Program Explanation

• Observe the first statement, which is

  implicit none
  

  This statement enforces type checking. Otherwise implicit types are assumed, i.e., undefined variables whose names begin with i, j, k, l, m, and n are assumed integers, whereas all the other undefined variables are assumed real. We don't want that, because it can easily lead to programming errors.
• The next step is to define a new derived Fortran type, which we're going to call node. A data of type node will be a node in a linked list. In this case our derived type node has 4 components, of which 3 are reals and one is a pointer that will point to the next occurrence, somewhere in the memory of the computer system, of a data of this type - thus forming a list of elements linked with pointers.
• Observe that the definition of type node is recursive - this is always the case with linked lists and trees.
• We then define two pointers that will eventually point to objects of type node:

    type(node), pointer :: list, first
  

  We must always keep the address of the first element of a linked list stored safely somewhere, because if we lose that, the whole data set will become dereferenced, i.e., lost.
• There is nothing new about the remaining definitions, so we can proceed directly to the first executable statement.
• The program opens a data file, whose name, in this case, is hardwired.
• Assuming that the file has been successfully opened for reading (also observe the required file status 'old': this means that the file must already exist - it is possible to open a new file for reading, although it is hard to tell what one can read from such a file) we allocate the first object of type node and set its pointer component to point nowhere with the nullify statement:

    allocate(list); nullify(list%next)
  

• At the same time we make first point to the same object:

    first => list; count = 0
  

  Observe the new symbol =>, which means that first has been assigned an address of object that is now referenced by list. Once we have allocated list, list is no longer a pointer. It is now an object, which may become a target for another pointer, in this case, first.
• In Fortran pointers once they have been allocated they cease to be pointers and become normal data items instead. So they're really polymorphic creatures, which at various times are different things. Because an allocated pointer is no longer a pointer, you cannot do a thing such as:

    first = list
  

  Instead you have to do:

    first => list
  

  The meaning of this operation is

  a pointer points to ( $\Rightarrow$) an object

• Now we enter a loop. This is a non-terminated loop that loops forever until something special happens inside that gets us out of there.
• What happens inside is that we read lines of input. Every line is supposed to have 3 floating point numbers in it, which we read on

  list%x, list%y, list%sigma
  

  the three floating point number slots of the object that is currently referred to by the name list.
• When the end of file is reached, the end=100 condition fires up and the program jumps to label 100. There is no other portable way to process end of file condition in Fortran.
• Once the record has been read we increment the counter and allocate space for the next node of the list. That object is now placed in list%next so that we can locate it by marching along the list. At the same time we redirect the list pointer itself so that now it points to list%next, and within this newly created object we nullify the pointer slot. We need to do that, so that when the list ends we have some means of ascertaining that.
• Having read all the data from the file, we close it, and, since now we finally know how much data we have, we allocate arrays for it.

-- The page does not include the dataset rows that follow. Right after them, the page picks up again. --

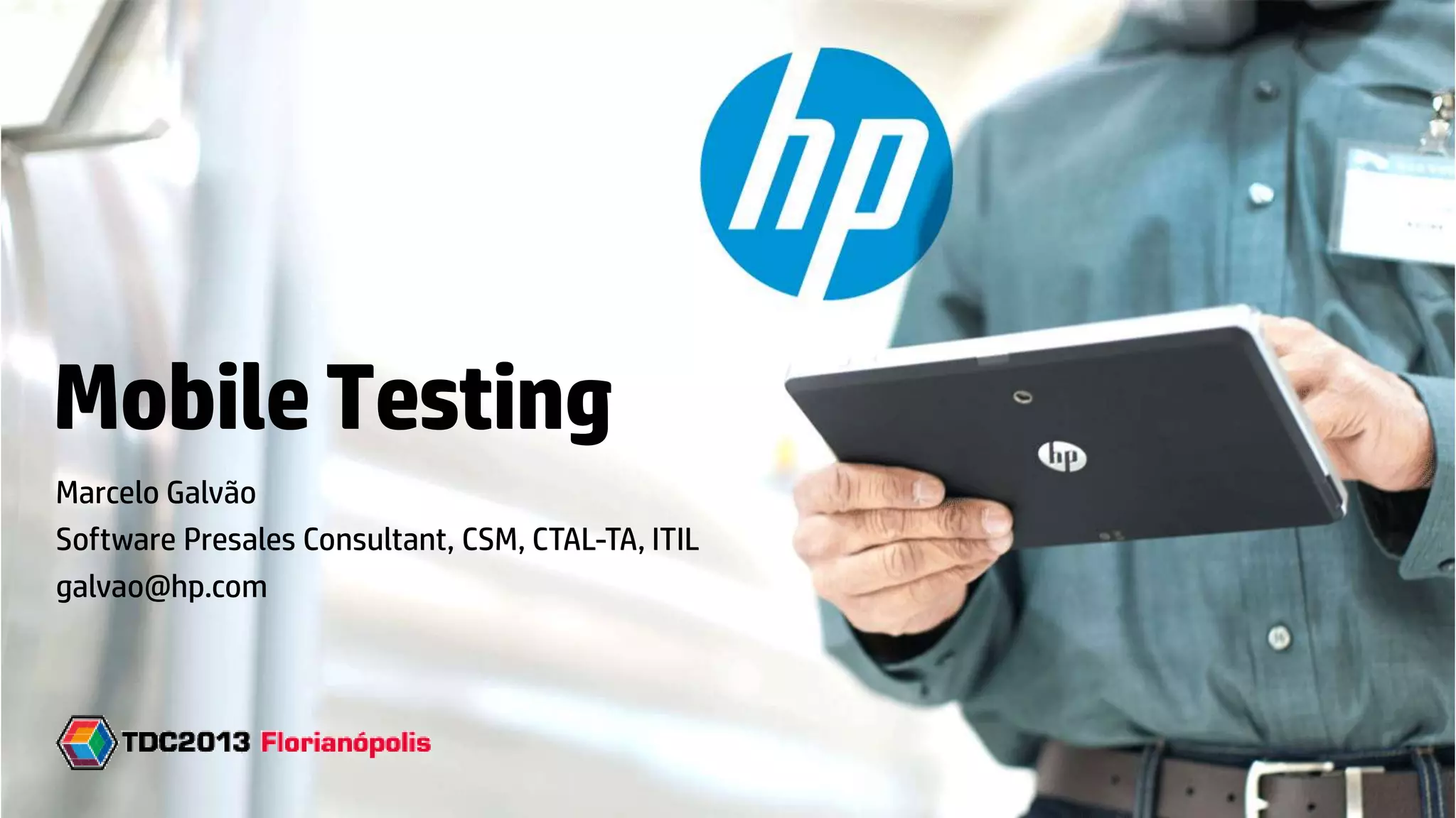 O documento discute os desafios do desenvolvimento e teste de aplicações móveis, apresentando a solução da HP para testes funcionais, de performance e segurança em dispositivos móveis de forma automatizada e na nuvem.
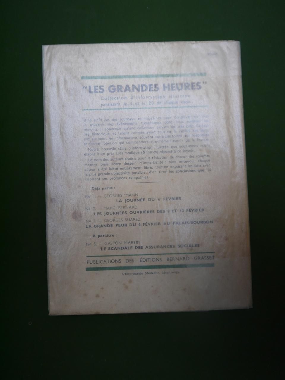 Dans la collection « Les grandes heures » de Grasset – « collection d’information illustrée paraissant le 5 et le 20 de chaque mois »!
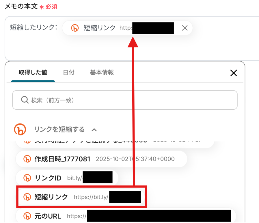 取得した値から「短縮リンク」を選択しましょう。また、必要に応じてテキストの直接入力も可能です。なお、取得した値を活用せずテキストを直接入力した箇所は固定値のため定型文となります。
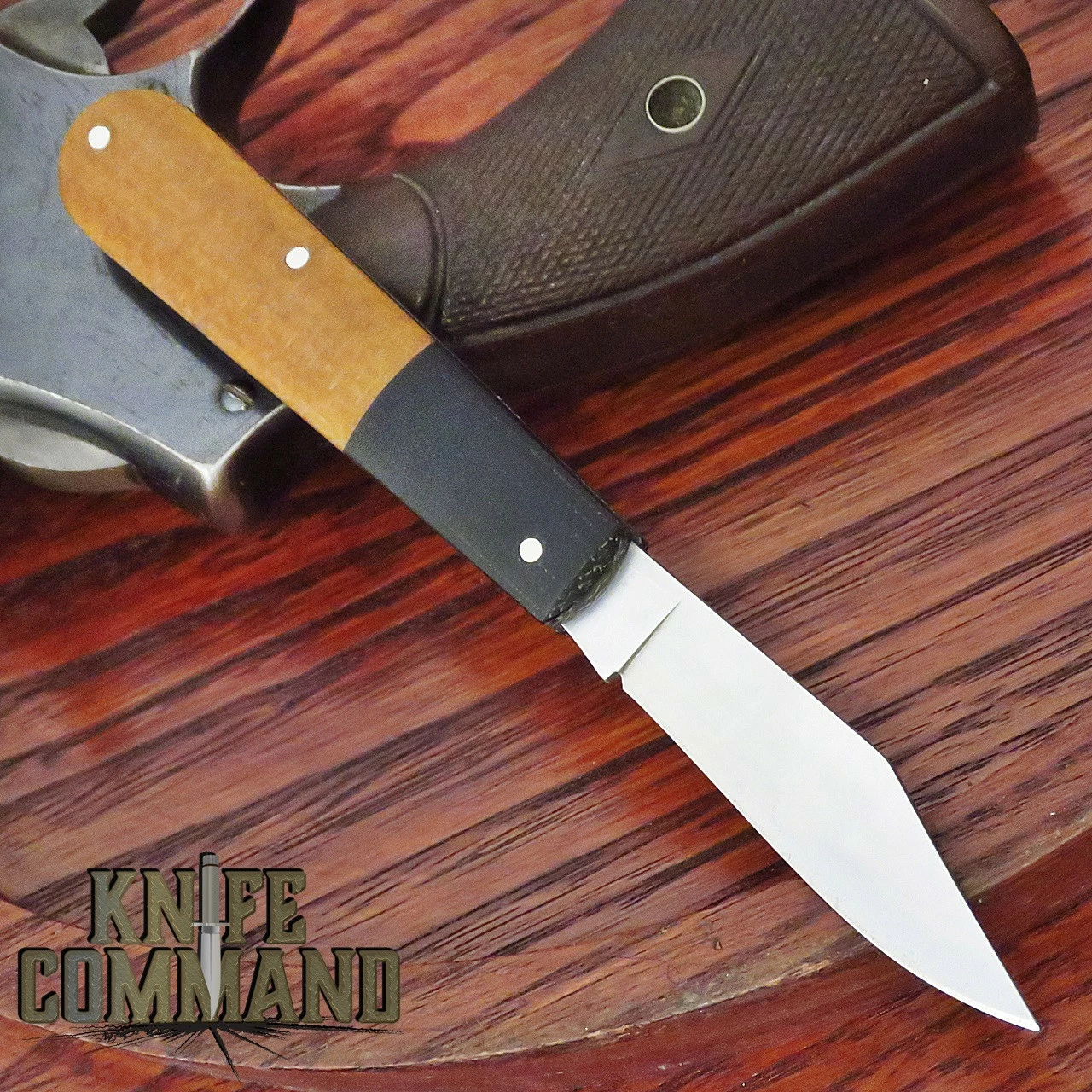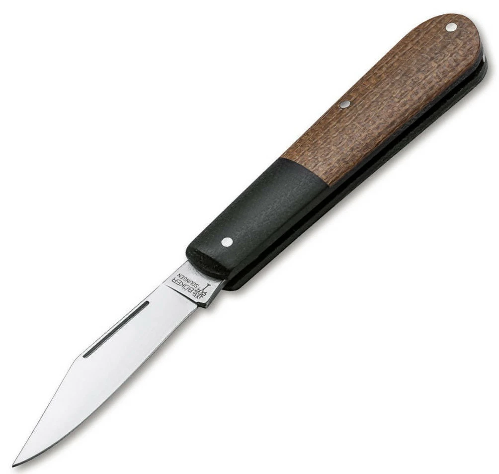 This 110943 Barlow folder is 5-7/8″ open length, 2-1/2″ blade, 3-1/4″ closed. The clip-point Barlow blade is satin finished N690 Stainless steel. This is a traditional slip-joint Barlow design with nail-nick opening. The handles are Black Canvas Integral body with Burlap Canvas Micarta scales.
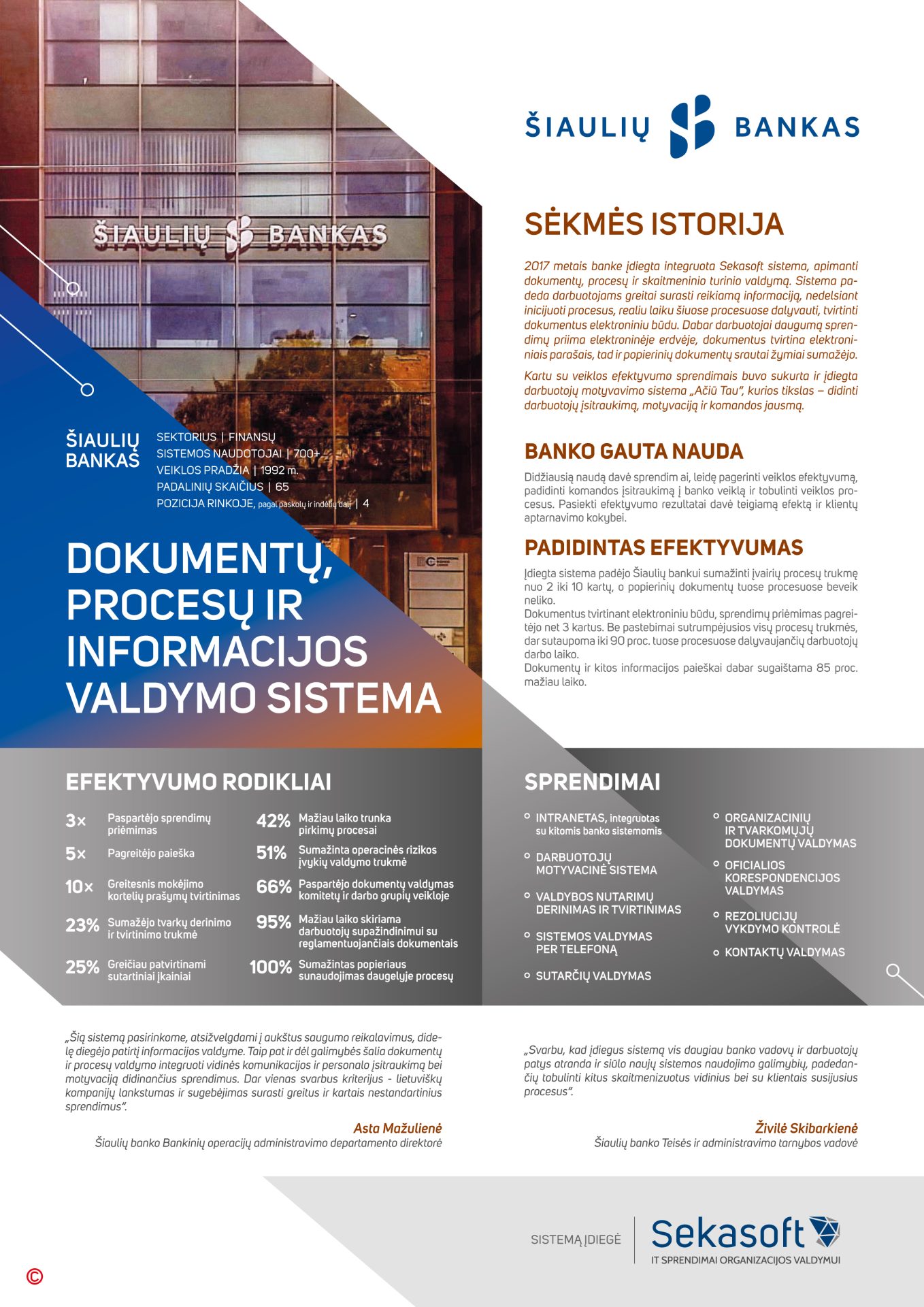 2017 metų bėgyje baigtas dokumentų ir procesų valdymo sistemos diegimas Šiaulių banke. Sistema banke naudojasi daugiau nei 700 darbuotojų, o įdiegti sprendimai net 5 kartus pagreitino dokumentų paiešką, 3 kartus – sprendimų priėmimą, o tokį procesą, kaip klientų mokėjimo kortelių prašymų tvirtinimas, pagreitino net iki 10 kartų!
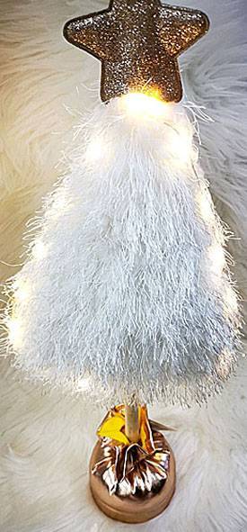 Εντυπωσιακό χριστουγεννιάτικο διακοσμητικό δέντρο ύψους 48εκ., στολισμένο με φωτισμό LED που αναδεικνύει τη χνουδωτή του υφή και προσδίδει μια μαγική αίσθηση στον χώρο. Στην κορυφή δεσπόζει ένα λαμπερό χρυσό αστέρι, κάνοντας αυτό το δέντρο ιδανικό για να στολίσει κάθε γωνιά με εορταστική λάμψη. Μια κομψή και ιδιαίτερη προσθήκη για τη χριστουγεννιάτικη διακόσμηση του σπιτιού σας.
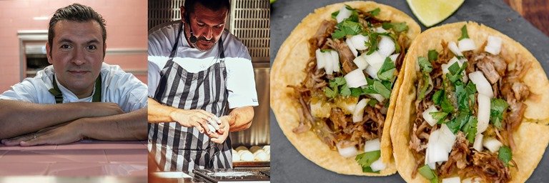 Javier Brichetto presenta su nueva tapa. Derecha, tacos de suadero de res de Tierra Mexicana. EFT.
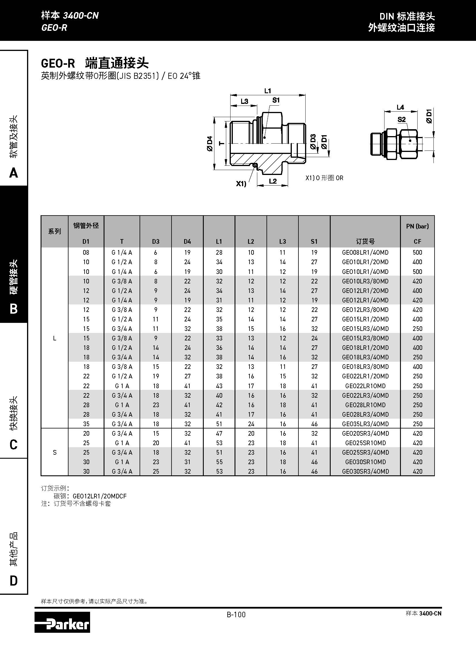 GEO-R 端直通接頭 英制外螺紋帶O形圈(JIS B2351) / EO 24°錐
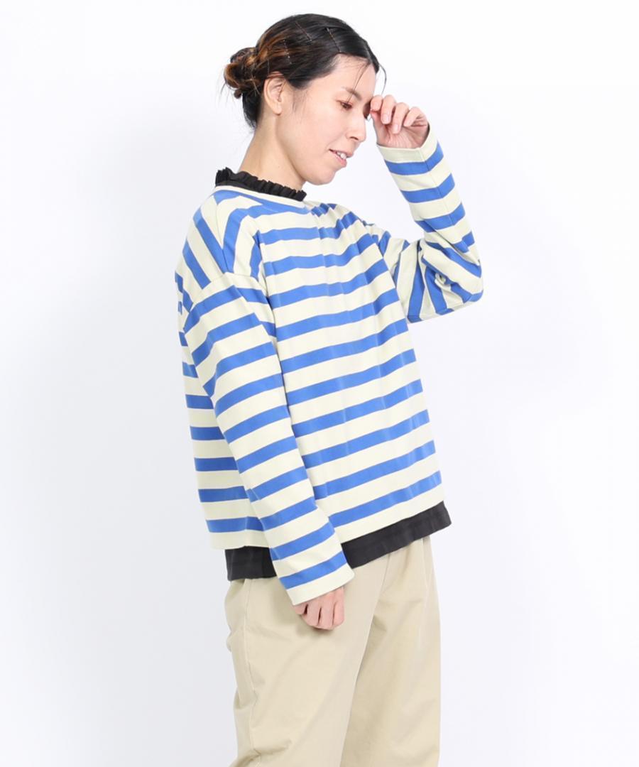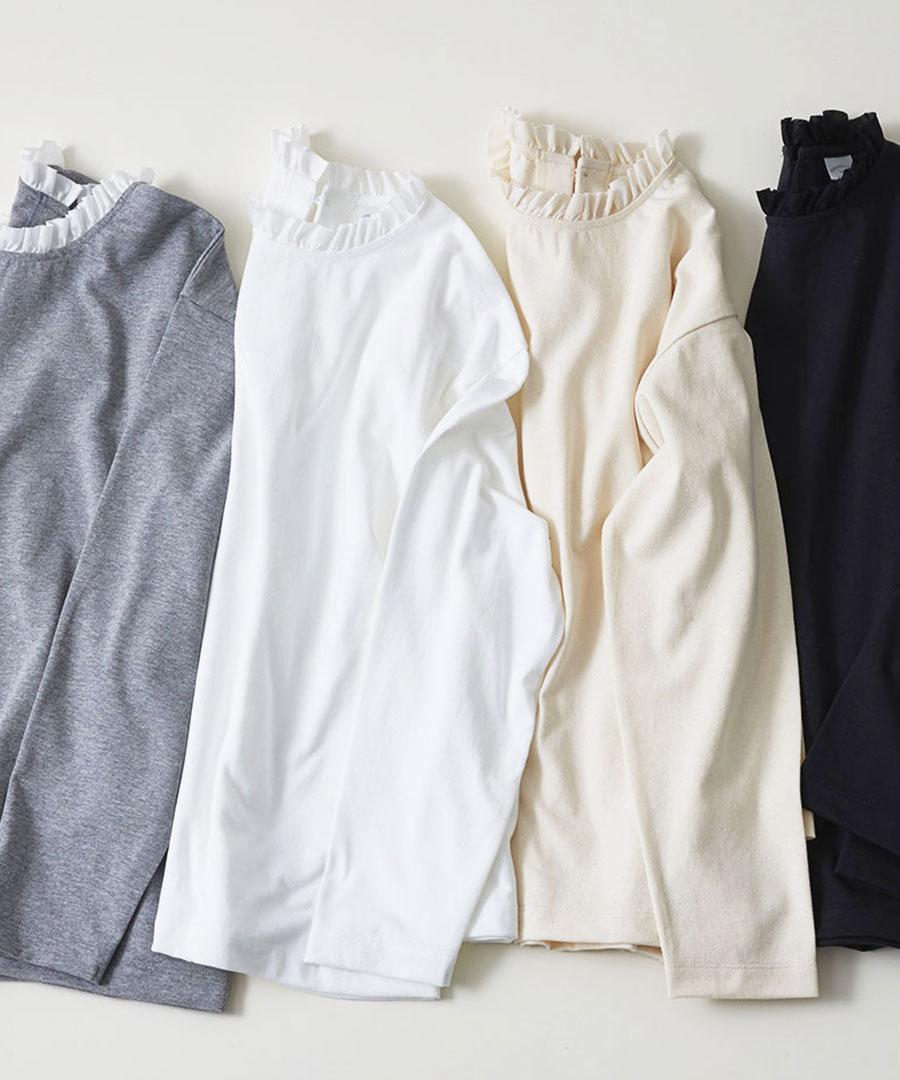 ドライコットン天竺 衿フリル長袖
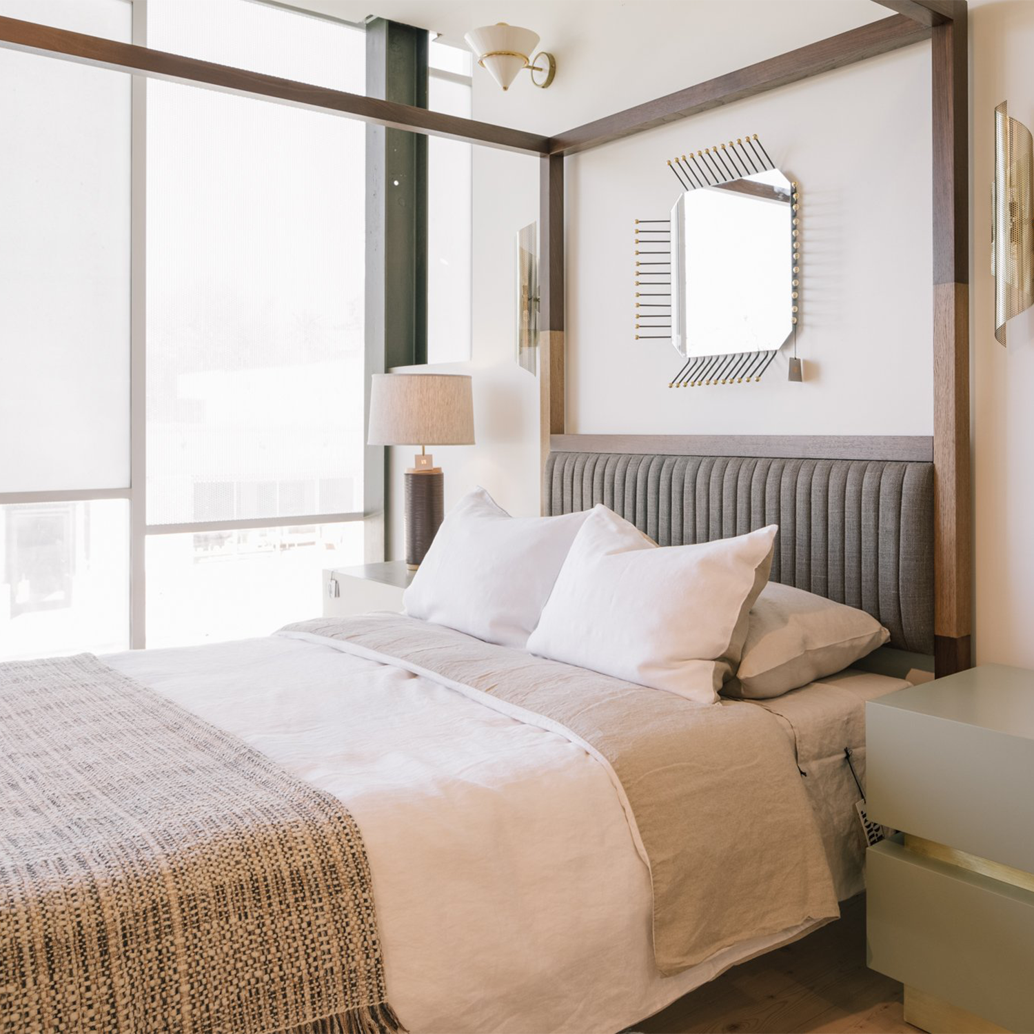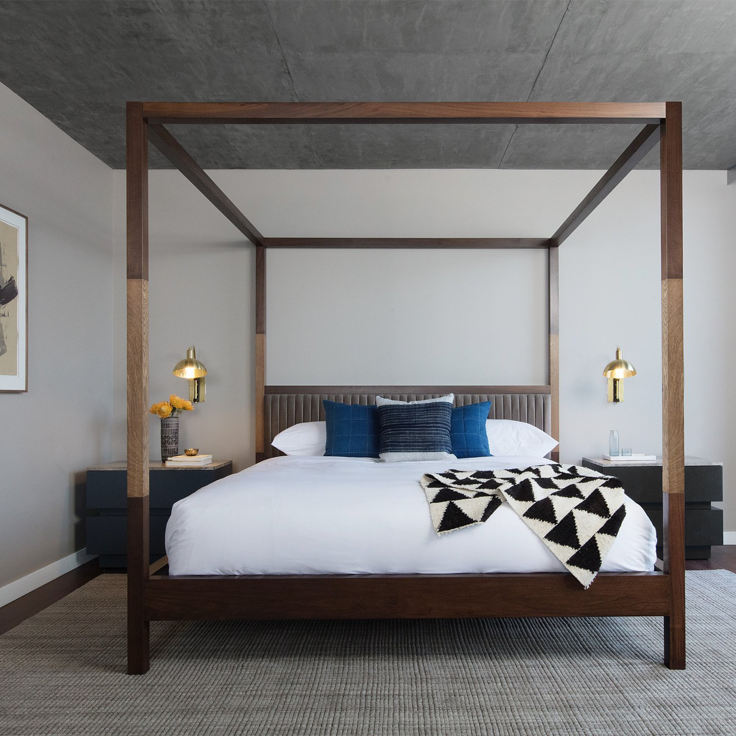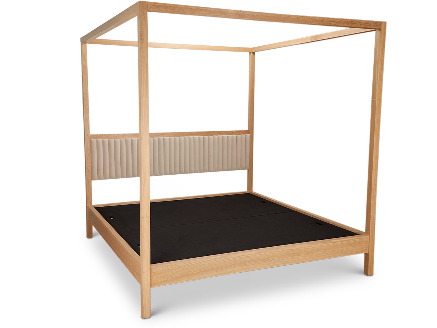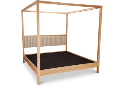 The Edmund Bed is a wooden canopy bed with a combination of American walnut and white oak. The headboard features channel tufted upholstery.

       allocate(x(count)); allocate(y(count)); allocate(sigma(count));
  

• Next we redirect list to point back at the first object, and march along the list. This time hitting a pointer that is no associated with any object terminates the march. That's why we've been always careful to nullify the pointer in a newly allocated object.
• As we march through the list, we write the records on standard output, and, at the same time copy the data from the list to appropriate slots in the arrays x_i, y_i, and $\sigma _i$.
• The last loop simply writes the arrays on standard output.
• Like in C and in C++ there is no garbage collection in Fortran. If you dereference accidentally or on purpose the beginning of the list, you'll lose access to the data, but you will not be able to reclaim that space either. To reclaim it, you must walk backwards through the list deallocating every node. For that to work the nodes should have a pair of pointers, pointing in both directions of the list, for every node.